Glenn Greenwald has the details:
I've now just read a copy of the final "compromise" bill.
It's even worse than expected. When you read it, it's actually hard to believe that the Congress is about to make this into our law. Then again, this is the same Congress that abolished habeas corpus with the Military Commissions Act, and legalized George Bush's warrantless eavesdropping program with the "Protect America Act," so it shouldn't be hard to believe at all. Seeing the words in print, though, adds a new dimension to appreciating just how corrupt and repugnant this is:
The provision granting amnesty to lawbreaking telecoms, Title VIII, has the exact Orwellian title it should have:
"Protection of Persons Assisting the Government." Section 802(a) provides:
{A} civil action may not lie or be maintained in a Federal or State court against any person for providing assistance to an element of the intelligence community, and shall be properly dismissed, if the Attorney General certifies to the district court of the United States in which such action is pending that . . . (4) the assistance alleged to have been provided . . . was --
(A) in connection with intelligence activity involving communications that was (i) authorized by the President during the period beginning on September 11, 2001, and ending on January 17, 2007 and (ii) designed to prevent or detect a terrorist attack, or activities in preparation of a terrorist attack, against the United States" and
(B) the subject of a written request or directive . . . indicating that the activity was (i) authorized by the President; and (ii) determined to be lawful.
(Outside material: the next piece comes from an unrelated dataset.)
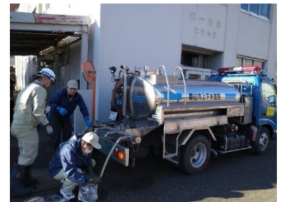
七尾市での給水活動

So all the Attorney General has to do is recite those magic words -- the President requested this eavesdropping and did it in order to save us from the Terrorists -- and the minute he utters those words,
the courts are required to dismiss the lawsuits against the telecoms, no matter how illegal their behavior was. That's the "compromise" Steny Hoyer negotiated and which he is now -- according to very credible reports -- pressuring every member of the Democratic caucus to support.
It's full-scale, unconditional amnesty with no inquiry into whether anyone broke the law. In the U.S. now, thanks to the Democratic Congress, we'll have a new law based on the premise that the President has the power to order private actors to break the law, and when he issues such an order, the private actors will be protected from liability of any kind on the ground that the Leader told them to do it -- the very theory that the Nuremberg Trial rejected.